Verrot will be in Sendai to conduct a June 24th “Revival Subscription Concert.” All of the Sendai Philharmonic players and administrative personnel survived the March 11th disasters (unfortunately, the same cannot be said for some of their instruments). The March 11th earthquake damaged all of the major performance halls in Sendai, so the orchestra had to cancel all of its scheduled concerts through June.

Despite the lack of functional performance spaces in town, the Sendai Phil has been playing an astounding number of reconstruction concerts both locally and around Japan. In Sendai, orchestra members have been taking turns playing chamber concerts in the lobbies of hotels and office buildings such as AER building and the Sendai Trust Tower.

The orchestra has traveled to Tokyo and Kanazawa to collaborate with other Japanese musicians in fundraising concerts directed by Junichi Hirokami, one of the SPO’s long-time favorite guest conductors. In Hirokami’s words, the orchestra has also “delivered music and courage” to many refugees still living in shelters in Kesennuma, Ishinomaki, and Watari.

One concert was in an elementary school gymnasium in the little beach town of Shichigahama, where my family spent several summers staying in a cabin, swimming in the ocean by day and playing cards and doing “summer vacation homework” (welcome to Japanese schools) by night.

And speaking of night, former concertmaster Yumiko Shibuya described how dark it was in Tokyo (due to the city’s power-saving efforts) when she arrived for a rehearsal for a recent benefit recital. She remarked that it almost seemed a foreshadowing of Japan’s dark days ahead.

In reading and hearing about the orchestra members’ many performances since March 11, I have been struck by the rather matter-of-fact, unglamorous coverage that these concerts seem to be receiving in Japan. For in Japan, using music as a solution, as a solace in the wake of disaster, or as a source of comfort, hope, and encouragement is nothing out of the ordinary.

This is a society educated in music from a very early age. It is a country of citizens for whom singing together is a mandatory part of their daily classroom routine during some crucial, formative years. It is a collection of concert-goers who do not bat an eye at $100 tickets because Dvorak’s "New World" or Beethoven’s Ninth is common knowledge to them, like the times tables or the subway terminals.

What a fascinating but bittersweet experience it was to meander through the beautiful JFK Museum and Library in Boston. Indeed, it was not that long ago that our leaders, too, had music and the arts high up on their priority list for the country.

In our world of urgency and immediacy, a long-term cultural and social investment like music may seem increasingly daunting and financially unbeneficial. But how do we measure the cultivation of the human spirit?

I noticed that several media sources commented on the lack of “looting” in Japan after the earthquake and tsunami.
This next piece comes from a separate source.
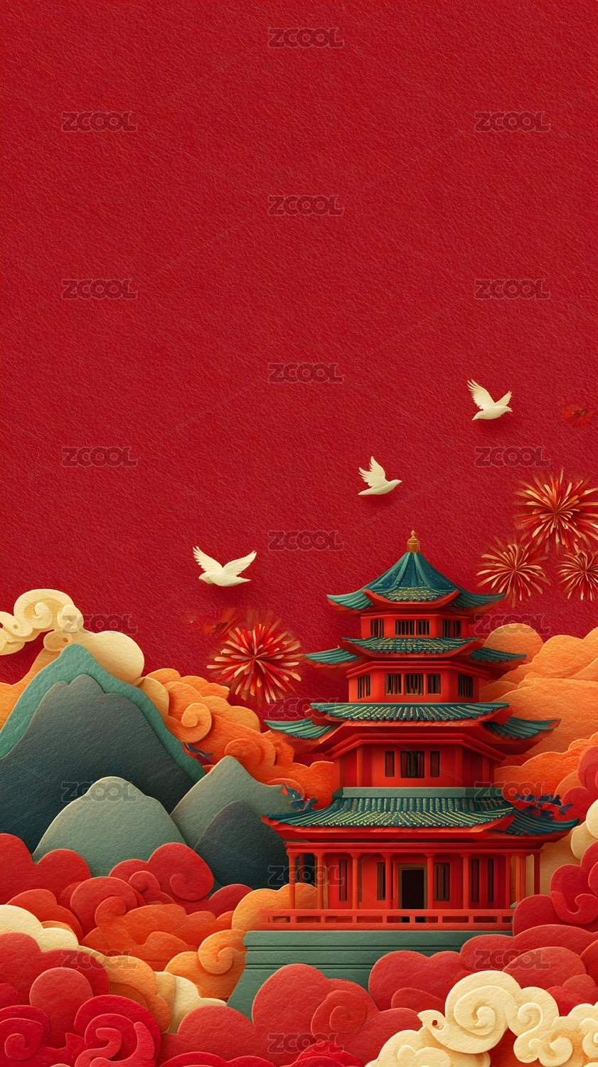 中国风,国潮风,节日,立体,古代,建筑,插画,红墙,国庆节,祥云

Considering how highly the Japanese people value music and the arts, i.e. the collective efforts to create and enjoy something beautiful, is it that surprising to see their strength, integrity, and courage in the face of such horror and devastation?

It has been my pride and pleasure to share with you this month tidbits of the Sendai Philharmonic’s past and present with the generous assistance of James Jacobs and WGBH. I hope you have enjoyed the orchestra’s story and recordings, and I pray that we can learn from Japan’s cultivation and utilization of music as a tool that is both powerful and peaceful.